Cette nuit, j'ai rêvé de la maison de ma grand-mère. C'est récurent depuis très longtemps chez moi. C'était le lieu où j'ai vécu mes plus belles et pires années, c'est devenu par la suite le lieu de tous mes cauchemars. J'ai compris depuis longtemps pourquoi. Cette maison, c'est moi et tout ce qui m'a construit. Ma famille, mes amis... Cette nuit, cette maison avait des murs beaucoup trop rapprochés. C'est à peine si je pouvais passer. Il y faisait très froid. A un moment, néanmoins, je me suis retrouvée dans une chambre et j'ai décidé que ce serait la mienne. Elle était pourrie mais les murs étaient suffisamment écartés pour pouvoir y respirer. Il faudrait la retaper, comme toute la maison, mais ça ne me faisait pas peur. Ce qui me faisait peur, par contre, c'était cet escalier qui menait au grenier. J'ai décidé de ne pas m'y engager. Pas tout de suite. Mais cette pièce-là aussi aurait droit à son relooking, j'étais déterminée.

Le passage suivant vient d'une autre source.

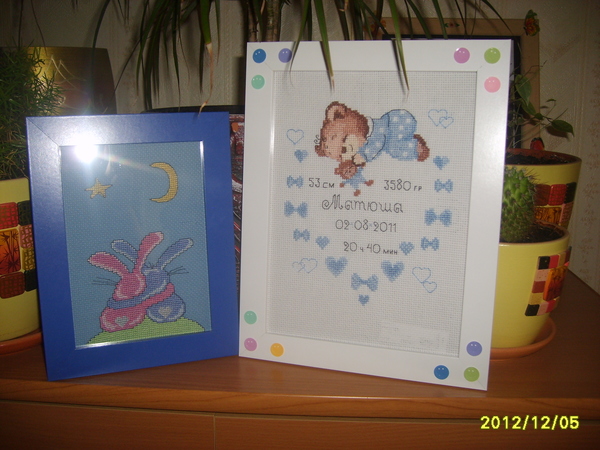 Какие классные! я все к "свиданию" присматривалась, но мне казалась простовата картинка. А в реале так хорошо смотрится, теперь точно возьму! А метрику только мечтаю вышить, наверное после окончания хлопот с НГ возьмусь ))) А рамочки в багетке такие здоровские сделали?

Il peut être important de préciser que lors de ma séance d'hypnose, j'ai été amenée par mon inconscient dans... le jardin de ma grand-mère. Et que j'en ai fait une zone sécurisée où je pourrais trouver toutes les ressources dont je pourrais avoir besoin dans ma vie. Du moins, pour sa version mentale, vous l'aurez compris. Cette maison et son jardin n'appartiennent plus à ma famille, et je le regrette amèrement, mais c'est un autre sujet.
A mon réveil, j'ai donc cogité. J'ai repensé à ma conversation de la veille, et à cet ami. Est-ce si surprenant qu'il ait fini par prendre ce chemin, si différent du mien? Il s'en est toujours défendu, mais... il s'est toujours montré sexiste, homophobe et même raciste. Combien de fois il m'a fait honte par son attitude? Mais c'était pour rire. Il le pensait pas vraiment. Elles ont toujours été là, ces graines, bien plantées dans sa tête et elles ont simplement poussé, l'air de rien. Et moi j'ai toujours évolué à côté de ces graines qui poussaient et qui ont toujours été violemment toxiques, pour moi. Oui, il m'a protégée, mais pour mieux empêcher les miennes, de graines, de pousser, pour mieux m'enfermer dans sa haine. Est-ce qu'il valait mieux que ces autres? Non.
Oui ma maison est étriquée, parce que tous ces gens, comme lui, ne me laissent pas la place pour respirer, pour être moi. Et j'accorde tellement d'importance à ces gens, qui m'ont protégée, nourrie, aidée, acceptée... Alors qu'en réalité, ils méprisent profondément ce que je suis. Ils m'empêchent de m'accomplir, empêchent mes ailes de se déployer. Je conseille une fois de plus la lecture de Glu, d'Irvine Welsh, qui illustre magnifiquement ce phénomène.
Je dois pousser les murs de ma maison. Je dois mieux l'isoler. Je dois affronter ce qu'il y a dans le grenier et y faire un gros coup de ménage. Et je dois l'aménager. Cela implique des changements radicaux dans ma vie.
Mon "frère" a demandé à mon autre ami comment il pouvait parler à des homos. Dont acte. Tu as fait tes choix, malgré moi, contre moi. Je ne vais pas m'acharner. Tu as choisi le chemin opposé au mien, celui de la haine, de la violence, alors bonne route.
Il y aura probablement d'autres murs, d'autres piliers qui vont s'effondrer dans les mois qui viennent. Peut-être que c'est toute la baraque qui va se casser la gueule. Qu'importe? J'en reconstruirais une plus confortable, plus saine, à mon image. A ma vraie image.